Ik heb in deze bijdrage zowel systeemtherapieën, systemische therapieën als systeemtheoretische psychotherapie op het oog, als leden van eenzelfde familie, tegelijk met de fundamentele opvattingen die eraan ten grondslag liggen en die erin tot uitdrukking komen. Deze opvattingen komen verderop ter sprake. Het heeft als gevolg dat deze verschillende termen min of meer afwisselend in de tekst gebruikt worden.
Wat heeft de systeemtherapie gedaan met het profiel, de positie en de identiteit van de hulpverlener/therapeut? De invloed ervan is dubbel en ook tegenstrijdig. Enerzijds heeft de systemische benadering gezorgd voor een theoretische en methodische grondslag voor het werk met paren, gezinnen, families, zelfs teams, schoolklassen en andere groepsverbanden. Aan deze grondslag ontlenen praktijkmensen uit velerlei beroepsgroepen zowel een inhoudelijke als een relationele deskundigheid. Misschien is dat nog het meest opvallende. Systemisch georiënteerde hulpverleners zijn meer dan gemiddeld bedacht op de complexiteit van tussenmenselijke relaties. Ze zijn meer beducht voor versluierend, denigrerend en stigmatiserend taalgebruik. En ze zijn meer alert op de invloed van het taalgebruik van alle betrokkenen in een preventief of curatief bedoeld proces. Dat zijn enkele van de fundamentele opvattingen waar ik eerder naar verwees. Meer bepaald vormen ze facetten van de overtuiging dat tussenmenselijke processen als dusdanig de werkelijkheid creëren.

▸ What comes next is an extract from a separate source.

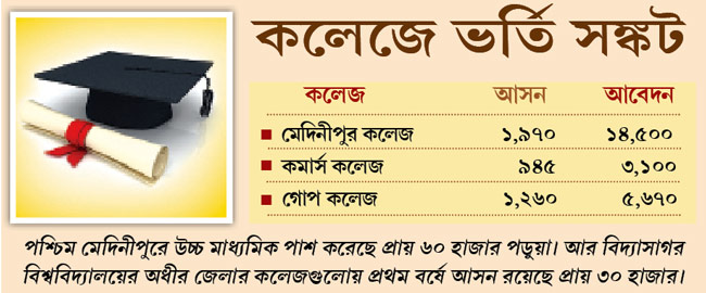 উচ্চ মাধ্যমিকের ফলপ্রকাশের পরে কলেজে ভর্তি প্রক্রিয়া শুরু হয়েছে। কিন্তু জেলায় যত ছাত্রছাত্রী উচ্চ মাধ্যমিক পাশ করেছে, কলেজে কলেজে আসন সংখ্যা তার অর্ধেক। ফলে, সঙ্কট পশ্চিম মেদিনীপুরে।
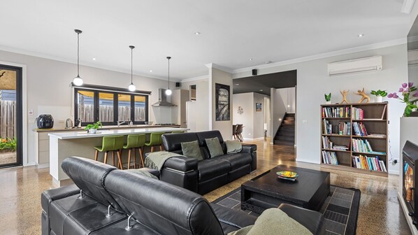 The townhouse features an entertainer’s kitchen, fully equipped with modern appliances and plenty of counter space, making meal preparation a joy. An air fryer and dishwasher means you can spend more time enjoying your holiday and less time cleaning up. The main lounge is cosy and inviting, with plenty of seating for everyone. It features a large selection of books, a flat-screen TV and a warm fireplace. A wall mounted split system ensures comfort throughout the year, no matter the season. For additional space, there’s a second living area upstairs, ideal for quiet moments or as a separate area for kids and teens to relax.

Anderzijds kampen systeemtherapeuten nog steeds met dreigende marginalisering. De voorheen dominante, op het individu gecentreerde therapeutische en psychologische modellen — psychodynamische, Skinneriaanse en Rogeriaanse theorieën waartegen systeemtheoretici zich afzetten — hebben de laatste jaren plaats moeten ruimen. Er is een sluipende hegemonie van medisch-psychiatrische en natuurwetenschappelijke modellen en andere evidence-based protocollen ontstaan. Denk aan de vloedgolf van breinliteratuur, aan de DSM-5, aan de lofzangen voor evidence-based praktijken. Alvast één mooi ding zou zijn dat we in de toekomst meer kunnen spreken van co-existentie van en coöperatie tussen deze uiteenlopende visies, eerder dan van scholenstrijd of strijd om de waarheid. En natuurlijk van het besef dat mensen en hun sociale verbindingen niet in protocollen te vangen zijn.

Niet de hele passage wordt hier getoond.